Pursuant to paragraph 2(a) of the Procedures to Govern Mediation of
Appeals from the United States Bankruptcy Court for this District dated September 11,
2012, by Order dated December 8, 2014, the parties were to advise in a joint written
submission their respective positions regarding mediation and the reasoning for their
positions, including whether the parties were previously or presently involved in
mediation or other ADR process. Consistent with that Order, the parties responded on
December 29, 2014. Appellant requested a teleconference to discuss the appeal and
the positions of the parties as set forth in their joint submission. Appellant felt that
mediation would be helpful to provide a basis upon which the parties could resolve the
appeal and permit the Appellant to propose a plan of reorganization. Appellees voiced
their opposite that mediation would not be helpful, noting the prior unsuccessful private
mediation that occurred on December 18, 2013, before Judge Walrath’s grant of
summary judgment on Appellees’ motion which is the issue on appeal. As a result, a
teleconference was held on December 30, 2014 for further review and discussion with
counsel to determine the appropriateness of mediation in this matter.
During the teleconference, Appellant related that it was in negotiations with a
third party investor and requested some time to continue its negotiations which had
involved exchanges of offers and demands. At that time, Appellant believed that
substantial progress could occur before the end of January 2015. Appellees opposed
Appellant’s request noting their concern regarding further delay. They felt that
mediation would not be successful and were concerned about the proposed April time
frame for mediation and that further delay would negatively affect them. The court
granted Appellant’s request, but required it to provide an update of its negotiation
progress by providing a copy of any executed term sheet and to make an demand to
Appellees as soon as possible. Appellant was also ordered to update the status of its
negotiations with the third party to the Court and Appellees by January 30, 2015. A
teleconference was scheduled for February 2, 2015.
Thereafter on January 30, 2015, Appellant’s update advised that discussions with
the third party were on hold and no definitive documentation of any proposal had
occurred. During the teleconference on February 2, 2015, Appellant advised it was
exploring its options and requested an additional thirty (30) days in which to consider its
options. Appellees opposed this request and reiterated its prior concerns regarding
delay, incurring additional expense for mediation, when the initial mediation was
unsuccessful and the unsuccessful efforts of Appellant.
As a result of the above screening process, I find that the issues involved
in this case are not amenable to mediation and mediation at this stage would not be a
productive exercise, a worthwhile use of judicial resources nor warrant the expense of
THEREFORE, IT IS RECOMMENDED that, pursuant to paragraph 2(a)

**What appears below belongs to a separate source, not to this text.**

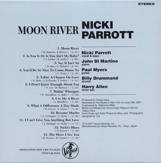 Japan's appetite for American jazz is ever increasing and their Venus Records has been releasing new material from mainstream artists that is attractively packaged and superbly recorded. Included in their catalog is Moon River, bassist/vocalist Nicki Parrott's debut as a leader.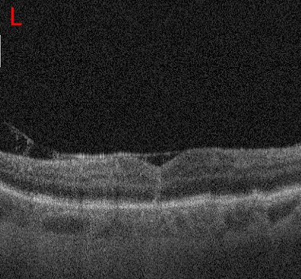 Figura 3. OCT del OI donde se observa el cierre del AM después de la VPP con masajes de bordes y colocación de aceite de silicón.

Procedures to Govern Mediation of Appeals from the United States Bankruptcy Court
for this District and 28 U.S.C. § 636(b), this matter be withdrawn from the mandatory
referral for mediation and proceed through the appellate process of this Court. The
parties were advised of their right to file objections to this Recommendation pursuant to
28 U.S.C. § 636(b)(1)(B), FED. R. CIV. P. 72(a) and D. DEL. LR 72.1. Presently,
Appellant is reserving its right to file objections.
IT IS FURTHER RECOMMENDED at the parties’ request, that if this
matter is removed from mandatory mediation, the recently enacted amendments to the
Federal Rules of Bankruptcy Procedure, effective December 1, 2014, specifically Rules
8014, 8015 and 8018 be suspended as allowed under Rule 8028 to avoid
inconsistencies and to ensure that parties and the Court are operating under the same
procedures for purposes of this appeal. As a result, the parties request setting a
briefing schedule to begin after entry of an order by the District Court removing this
matter from mandatory mediation as follows: Appellant’s initial brief to be due twentyeight days thereafter; Appellees’ response to be due twenty-eight (28) days after
Appellant’s initial or opening brief; and Appellant’s reply brief to be due fourteen (14)
days after Appellees’ answering brief.
Local counsel are obligated to inform out-of-state counsel of this Order.